ANSWER TO QUESTION 4b HERE:

kvec <- c(1,2,3,4,5,6,7,8,9,10,15,20,50,100,200) 
va_acc <- rep(0, length(kvec))
tr_acc <- rep(0, length(kvec))

for(i in 1:length(kvec)){
  inner_k <- kvec[i]
  
  inner_tr_preds <- knn(tra_x, tra_x, tra_y, k=inner_k, prob = TRUE) 
  inner_tr_acc <- accuracy(inner_tr_preds, tra_y)
  tr_acc[i] <- inner_tr_acc
  
  
  inner_va_preds <- knn(tra_x, val_x, tra_y, k=inner_k, prob = TRUE) 
  inner_va_acc <- accuracy(inner_va_preds, val_y)
  va_acc[i] <- inner_va_acc
}
tr_acc
##  [1] 0.9974286 0.8391429 0.8360000 0.8061429 0.7984286 0.7888571 0.7877143
##  [8] 0.7802857 0.7777143 0.7760000 0.7690000 0.7651429 0.7568571 0.7561429
## [15] 0.7561429
va_acc
##  [1] 0.6806667 0.7063333 0.7226667 0.7223333 0.7300000 0.7293333 0.7386667
##  [8] 0.7376667 0.7440000 0.7473333 0.7513333 0.7530000 0.7536667 0.7546667
## [15] 0.7546667
plot(log(kvec),tr_acc, col = "lightgreen", type = 'l', ylim = c(0.6,1))
lines(log(kvec),va_acc, col = "black")
legend("topright", legend = c("Training Accuracy", "Validation Accuracy"), col = c("lightgreen", "black"), lty = 1)
points(log(kvec), tr_acc, col = "lightgreen", pch = 16)
points(log(kvec), va_acc, col = "black", pch = 16)

  1. Which k is the best?

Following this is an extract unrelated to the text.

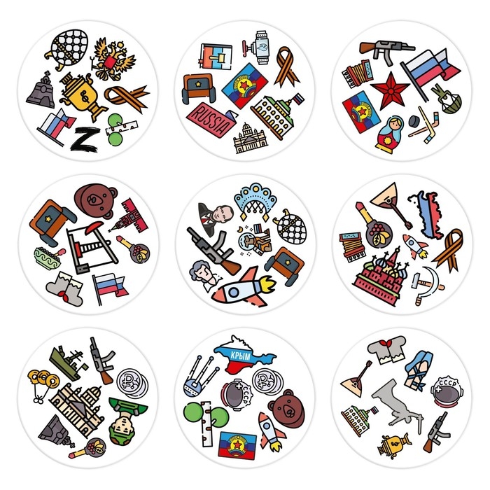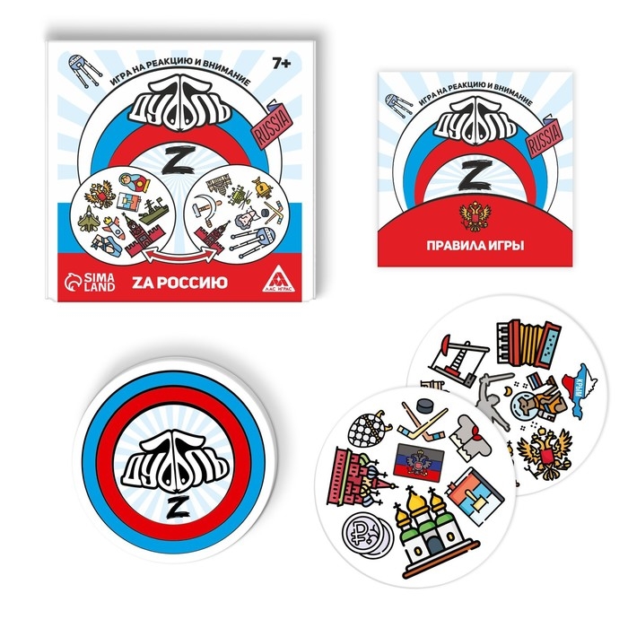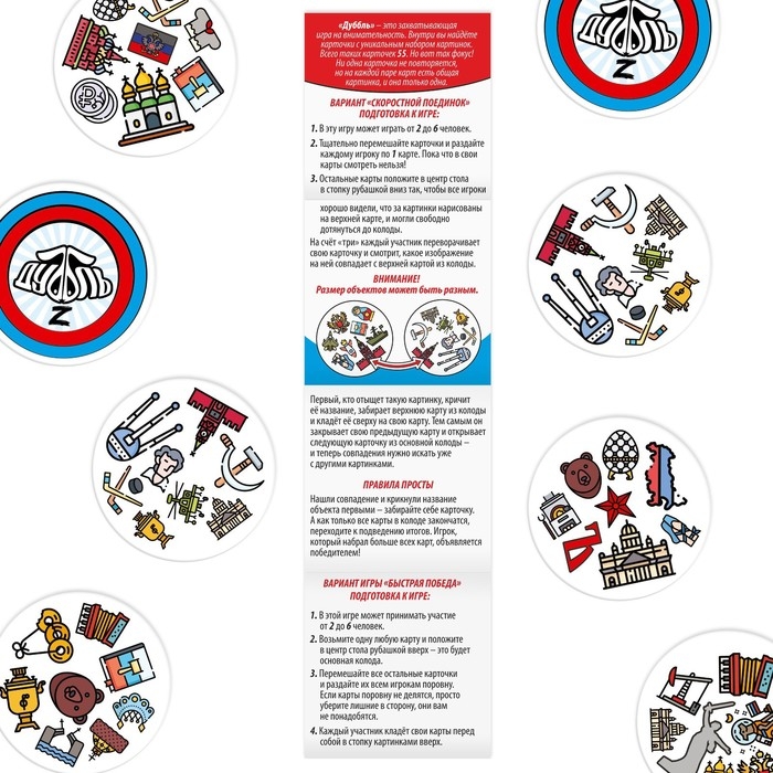 В этой игре есть всё, что близко русским людям, — берёзки, традиции, великие люди, достопримечательности и не только. Внутри вас ждёт 55 карт с уникальным набором картинок. На каждой паре карт есть только одно общее изображение. Его-то вам и нужно найти!

Report the validation accuracy from the best kNN model. Are you satisfied with the values of k that you tried, or do you think it might improve your model to try more values of k? ANSWER TO QUESTION 4c HERE:Best k value is 100, with a validation accuracy of = 75.5%. This value was selected by comparing the accuracy of models with different k values on the validation set, & choosing 1 with the highest accuracy. The range of k values tested provided a good balance between model complexity & accuracy, suggesting a thorough search was performed. But, exploring values beyond 200 or in finer increments around 100 could potentially improve the model slightly, but given the pattern observed, substantial improvements are unlikely.
bst_k <- kvec[which.max(va_acc)]
bst_k
## [1] 100
bst_va_acc <- va_acc[which.max(va_acc)]
bst_va_acc
## [1] 0.7546667
  1. Now which model would you pick - the best kNN, the best decision tree, or logistic regression? ANSWER TO QUESTION 4d HERE: This would depend on the comparison of their validation accuracies & the context of their application (like: performance, interpretability). If we compare the validation accuracies the best decision tree or logistic regression model has a higher validation accuracy than 0.755, one of them might be preferred. So, if interpretability is a key factor, decision trees or logistic regression might be favored due to their more straightforward explanation of predictions.